Prove That the Countable Union of Sets of Cardinality C Again Has Cardinality C
i.2.3 Cardinality: Countable and Uncountable Sets
Hither we need to talk most cardinality of a ready, which is basically the size of the set up. The cardinality of a ready is denoted past $|A|$. We start talk over cardinality for finite sets and then talk about infinite sets.
Finite Sets:
Consider a set $A$. If $A$ has only a finite number of elements, its cardinality is only the number of elements in $A$. For example, if $A=\{2,4,vi,8,x\}$, then $|A|=5$. Before discussing space sets, which is the chief discussion of this section, we would like to talk virtually a very useful dominion: the inclusion-exclusion principle. For ii finite sets $A$ and $B$, we have $$|A \cup B |=|A|+|B|-|A \cap B|.$$ To encounter this, note that when we add together $|A|$ and $|B|$, we are counting the elements in $|A \cap B|$ twice, thus past subtracting it from $|A|+|B|$, we obtain the number of elements in $|A \loving cup B |$, (yous can refer to Figure 1.16 in Problem two to meet this pictorially). We can extend the aforementioned idea to three or more sets.
Inclusion-exclusion principle:
- $|A \cup B |= |A|+|B|-|A \cap B|$,
- $|A \cup B \loving cup C| = |A| + |B| + |C| - |A \cap B| - |A \cap C| - |B \cap C| + |A \cap B \cap C|$.
More often than not, for $n$ finite sets $A_1, A_2, A_3,\cdots, A_n$, we can write
$$\biggl|\bigcup_{i=1}^n A_i\biggr|=\sum_{i=1}^due north\left|A_i\right|-\sum_{i < j}\left|A_i\cap A_j\right|$$ $$\>\>\>\>\>\>\>+\sum_{i < j < chiliad}\left|A_i\cap A_j\cap A_k\correct|-\ \cdots\ + \left(-one\right)^{n+i} \left|A_1\cap\cdots\cap A_n\right|.$$
Example
In a political party,
- at that place are $x$ people with white shirts and $8$ people with ruby shirts;
- $4$ people have black shoes and white shirts;
- $iii$ people have black shoes and cherry shirts;
- the total number of people with white or carmine shirts or black shoes is $21$.
How many people accept blackness shoes?
- Solution
-
Let $Due west$, $R$, and $B$, be the number of people with white shirts, red shirts, and blackness shoes respectively.

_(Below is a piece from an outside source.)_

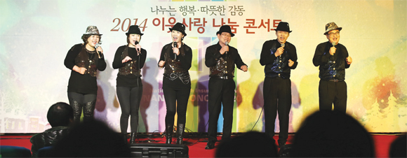 12월 4일에는 국민건강보험공단에서 열린 ‘2014년 이웃사랑, 나눔 콘서트’에서 장애인과 노숙인, 독거노인 등 문화소외계층을 대상으로 노래 ‘일소일소일노일노’를 율동과 함께 선보여 큰 호응을 받았다. 이 콘서트는 2006년부터 문화소외계층을 위해 매년 개최되는 행사로 음악적 재능을 지닌 국민건강보험공단 직원들과 각종 사회 유명인사들이 출연해 왔다. ‘100세 시대’ 팀은 이외에도 성동구청 소재의 복지관, 지하철 3호선 옥수역 등지에서 꾸준한 재능기부 공연활동을 펼치고 있으며, 최근 KBS ‘토요아침마당 가족이 부른다’ 코너의 본선 진출이 확정되는 등 실력도 인정받았다.
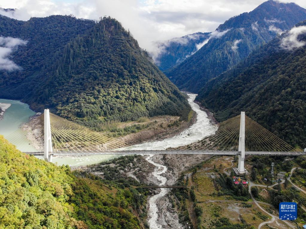 這是川藏公路通麥路段上的迫龍溝特大橋(無人機照片,2019年10月27日攝)。新華社記者 孫非 攝

And then, here is the summary of the available information: $$|W|=10$$ $$|R|=eight$$ $$|W \cap B|=four$$ $$|R \cap B|=iii$$ $$|W \loving cup B \cup R|=21.$$ Too, information technology is reasonable to assume that $W$ and $R$ are disjoint, $|W \cap R|=0$. Thus by applying the inclusion-exclusion principle we obtain
$|West \cup R \cup B|$ $ = 21$ $= |Due west| + |R| + |B|- |W \cap R| - |W \cap B| - |R \cap B| + |W \cap R \cap B|$ $=x+8+|B|-0-4-iii+0$.

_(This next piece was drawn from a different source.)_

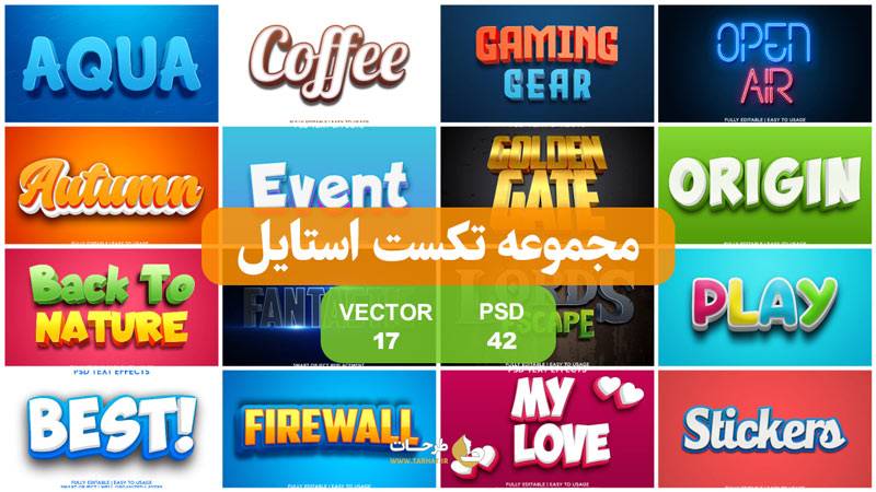 مجموعه تکست استایل سه بعدی لایه باز با کیفیت عالی که شما توسط آن ها می توانید افکت های فوق العاده زیبایی به متن و نوشته خود بدهید و زیبایی آن را دوچندان بکنید.
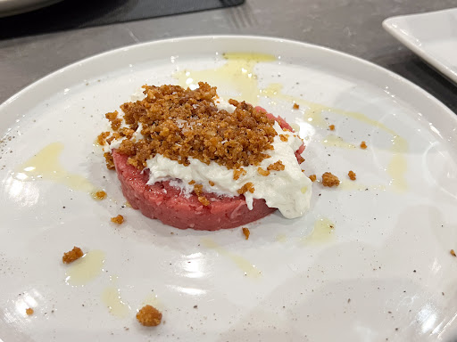 Read moreSe avessi potuto dare più di 5 stelle le avrei date. È assurdo come questo locale possa rispecchiare in toto i miei gusti. Lo stile industrial usato per l'arredamento mi fa impazzire. Sala grande, tranquilla e favolosa con quadri maestosi, bancone per l'area bar, frigoriferi per esporre le carni pregiate, aria condizionata, tavoli ampi e pulizia estrema. A servirci è stato Nicola. Davvero impeccabile. Gentile, simpaticissimo, attento a ogni dettaglio, chiaro e disponibile nelle spiegazioni delle portate e consigli vari per farci godere al meglio l'esperienza. Perché sì..una cena da I Bacco è un'assoluta esperienza da vivere. Non solo per l'atmosfera descritta fino ad ora, ma ovviamente anche per il cibo impeccabile e di altissima qualità. È stato un viaggio incredibile ogni cosa che abbiamo ordinato. Una goduria estrema a ogni boccone. Attraverso i piatti, ci siamo accorti di quanto impegno, studio e amore c'è dietro questa attività. Ne vale la pena ogni centesimo speso. Io e il mio compagno ringraziamo di cuore per il vostro lavoro e per averci accolto nel modo migliore possibile. Noi torneremo sicuramente ma a voi che leggete le recensioni, consigliamo vivamente questo locale che è una vera chicca...

Thus $$|B|=x.$$Annotation that some other mode to solve this trouble is using a Venn diagram every bit shown in Figure 1.11.
Fig.1.11 - Inclusion-exclusion Venn diagram.
-
Infinite Sets:
What if $A$ is an space set up? It turns out nosotros need to distinguish between two types of infinite sets, where one type is significantly "larger" than the other. In particular, one type is called countable, while the other is chosen uncountable. Sets such as $\mathbb{N}$ and $\mathbb{Z}$ are called countable, simply "bigger" sets such equally $\mathbb{R}$ are called uncountable. The difference between the two types is that you can list the elements of a countable set $A$, i.due east., yous tin can write $A=\{a_1, a_2,\cdots\}$, but you cannot listing the elements in an uncountable set. For example, you tin can write
- $\mathbb{Northward}=\{1,2,3,\cdots\}$,
- $\mathbb{Z}=\{0,ane,-1,2,-2,iii,-3,\cdots\}$.

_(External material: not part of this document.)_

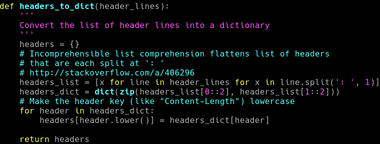 For instance, the following header line “Content-type: text/html” would be split into [‘Content-type’, ‘text/html’]. All key value pairs are added to a dictionary, which is then sent back for further processing.

The fact that y'all can listing the elements of a countably infinite set means that the prepare can be put in one-to-i correspondence with natural numbers $\mathbb{Northward}$. On the other hand, y'all cannot list the elements in $\mathbb{R}$, so it is an uncountable set. To be precise, here is the definition.
Definition
Set $A$ is called countable if 1 of the following is true
- if it is a finite gear up, $\mid A \mid < \infty$; or
- it can exist put in one-to-one correspondence with natural numbers $\mathbb{N}$, in which case the set up is said to exist countably infinite. A set is called uncountable if it is non countable.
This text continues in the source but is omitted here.